Fellow activist Joe Galliani described Cadwallader as “an old-school gentleman” whose equanimity and gentle reasonableness allows him to be effective beyond partisan divides.

“I think of him as a member of the family —  everybody is related to Craig in some way because he’s like Uncle Craig who takes care of all of us,” Galliani said. “He tells it straight, but he’s like the conscience of the ocean for all of us.”

“Craig always brings people together,” Bacallao said. “He unifies people.”

His passion also comes with a cost, Galliani said.

“I’ve worked about a decade on environmental issues with Craig, and his hallmark has always been his obsessive drive to do the work —  at his own personal expense,” Galliani said. “Even to the extent of having a social life or celebrating his own birthday…We’d have to tell him, please stop working for 10 minutes, sit down, and break bread with us. He’s definitely paying the price for that now. He’s at the age you just can’t work 18 hours a day, not eat right, not exercise, and just get back to work after a few hours sleep.”

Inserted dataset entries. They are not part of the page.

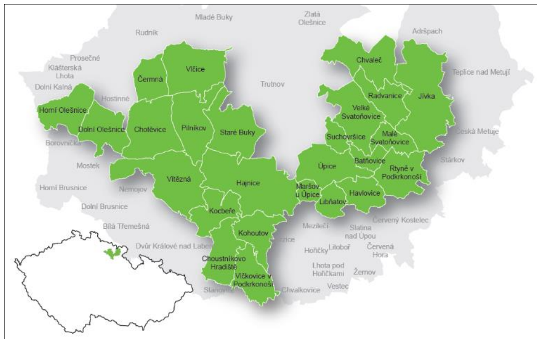
Mapa 2 Území působnosti MAS Království – Jestřebí hory, o.p.s. v kontextu regionů NUTS2 a NUTS3 2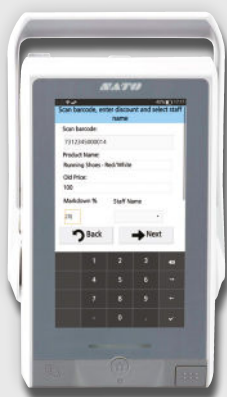
Saisir la réduction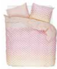
BED LINEN RAINNS 2 colors available 100 % Cotton Satin e.g. 135/200 cm + 80/80 69,95 Euro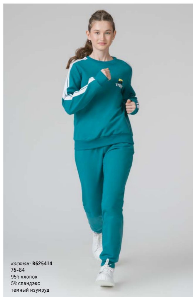
костюм: В625414 76-84 95% хлопок 5% спандэкс темный изумруд

Коллекция представлена актуальными практичными спортивными костюмами. Модели отличаются современным дизайном, удобными конструкциями, полотном, хорошо сохраняющим форму и насыщенность цвета. В качестве отделки используются молнии, канты и штучные печати.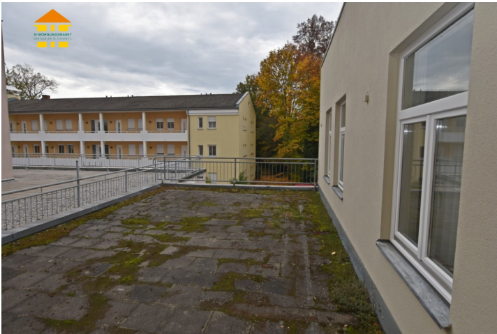
Gewerbeeinheit 1.OG rechts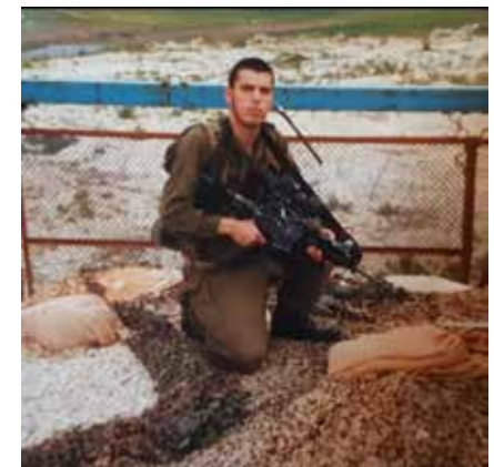
מהפך תודעתי. הרב זיו בימיו כלוחם בצה"ל

הטרור במחנה הפליטים המסוכן שממנו יצאו שורת פיגועים אכזריים ברחובות ארץ הקודש. ב'חומת מגן' חווה רגע מטלטל של סכנת נפשות. הוא עמד באחד הימים בעמדת חיפוי במחנה הפליטים. החיילים שתחתיו נכנסו לבתי מחבלים ברובים שלופים. ריות שרקו במרחב. לפתע הבחין שדלת הנגמ"ש המשוריין שבו עמד לא נסגרה. הוא הבין שהוא חשוף בפגל גופו העליון לחלוטין וקליע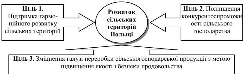
Рис. 3. Цілі, досягнення яких забезпечує розвиток сільських територій (авторська розробка на підставі: [31])

бізнесу на сільських територіях, у тому числі, не пов'язаному із сільським господарством, було видано 19 тис. грантів та кредитів, якими скористались 75 тис. представників бізнесу, що дало змогу створити або зберегти 37700 робочих місць у сільській місцевості. Для реалізації зазначеного було виділено майже 7 млрд дол. з різних джерел фінансування, у тому числі 1,4 млрд дол. державних коштів. У рамках проектів інвестування у людський розвиток було здійснено поліпшення 8000 об'єктів соціально-культурно-побутового призначення, які були у критичному стані, серед них 947 закладів освіти, 481 бібліотека, 1082 установи охорони здоров'я, 3444 об'єкти громадської безпеки, загальна кількість жителів села, які мають до них доступ становить близько 30 млн осіб. Окрім того, 627000 сільських родин та понад 21000 обшин отримали допомогу для купівлі, ремонту або рефінансування житла, було фінансоване будівництво 1000 багатоквартирних житлових комплексів у сільській місцевості [33].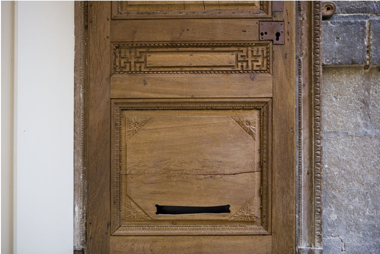
Détail des grecques ornant la porte d'entrée du logis secondaire.

25, Besançon Grande Rue 80, lieudit : îlot Terrier de Santans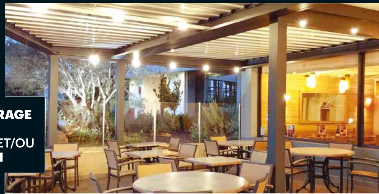
ÉCLAIRAGE LED : SPOT ET/OU RUBAN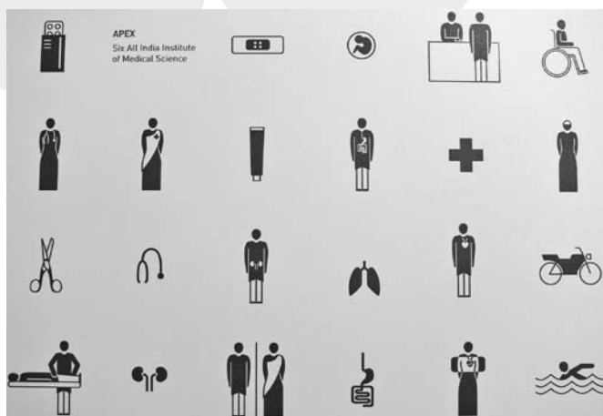
Kognito "System informacji dla kompleksów szpitali w Indiach"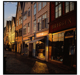
Bryggen in Bergen Franz Hümpfner Dezember 2023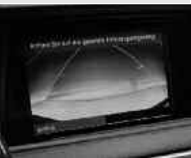
Stationnement guidé APG (Advanced Parking Guidance) ▼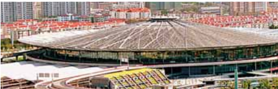
■位於徐匯區的交通樞紐站——上海南站

傾力發展現代服務業，徐匯區委、區政府領導無論大會小會逢會必講，全區上下也都形成了共識，並落實到行動上。在他們規劃的「藍圖」中，現代服務業「1+6」行業結構清晰地「浮出水面」。「1」是指一個核心競爭產業群——信息服務業；「6」是指6個重點行業：即專業服務業、科技研發服務業、生命健康服務業、國際交流和教育培訓服務業、文化旅游會展服務業、金融服務業。在「1+6」產業架構的基礎上，作為吸引和承載現代服務業的載體，該區還將形成徐家匯知識文化綜合商務區、楓林生命科學園區、鐵路上海南站交通商務服務區、漕河涇現代服務業集聚區、淮海—東瀾現代商務商貿區等5個重點集聚區，每一個集聚區都打上了鮮明的地域特色烙印。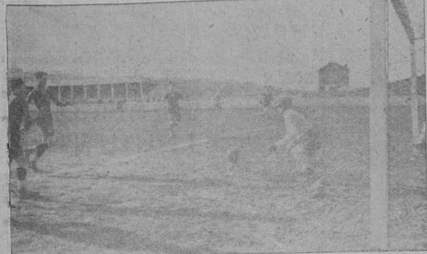
PARTIDO DE CAMPEONATO «ECLIPSE»-«SIEMPRE ADELANTE».-Un buen club, muy colocado, que Crespo no pudo parar, proporcionó al «Siempre Adelante» su primer tanto.

EM. S. R.) S. arto. origi. s pases stocada. mole. dno su. gundo ación a gregia. con las, entre. RDOSA. le Soto. Media. Agabeno. mata de. ño ha. aba con. m vol. ARJO. han di. complica. a curar. nta que. o señor. o mala. al le in. de cue. ocho de. glave. i trasta. señor. sociación. ander se. diagrama. sia pro. y mi ad. Prensa. niente de. labida. to ideal. fiesta en. nuestra. espiritual. a la vez. erias de. arán un. erra fir. salud. directiva. ensa, se. i, al que. on Angel. de ayer. x goben. dor José. no efusi. lga. Se. montañes. to a de. s intere. ruzo en. deho de. ue fuera. na. www. a ho. ha 8 del. o-Podro. egado de. io de las. men, ha. número. las gra. do a di.

His friends have launched a GoFundMe fundraising drive to help with Cadwallader’s expenses. His medical bills are expected to exceed $200,000. Sliff said he was initially uncomfortable about receiving help, but after a second brush with death in the hospital earlier this week when he suffered a bad reaction to food, he’s come to embrace his friends’ help.

“I really admire how he puts everyone before himself,” Sliff said. “He’s fighting for this cause that is so important and integral to the survival of our species. So he’s really fighting both for those who are close to him and for those he doesn’t know, who are on the other side of the world. That is kind of the definition of being selfless.”

His friends had to laugh at some aspects of Cadwallader’s predicament. The timing of his hospitalization, just after the release of the proposed El Segundo desalination plant’s draft Environmental Impact Report and coinciding with public meetings on that topic, has pained him almost as much as his medical issues.

“He’s walked this horse to the river and now he can’t be there to watch it drink,” Baccalao said. “He’s so frustrated and concerned.”

The other thing bothering him —  all the bags and tubes connected to him in his hospital bed are made of plastic.

“It’s driving him nuts,” Galliani said. “He has to just grin and bear it.”

He’s also going to have to get accustomed to the fact that people are rallying for a very specific environmental cause —  his recovery, both financially and health-wise.

“We need to be there for Craig,” said Howorth. “Because whether it’s the city or the ocean and beaches, he’s been there for us.”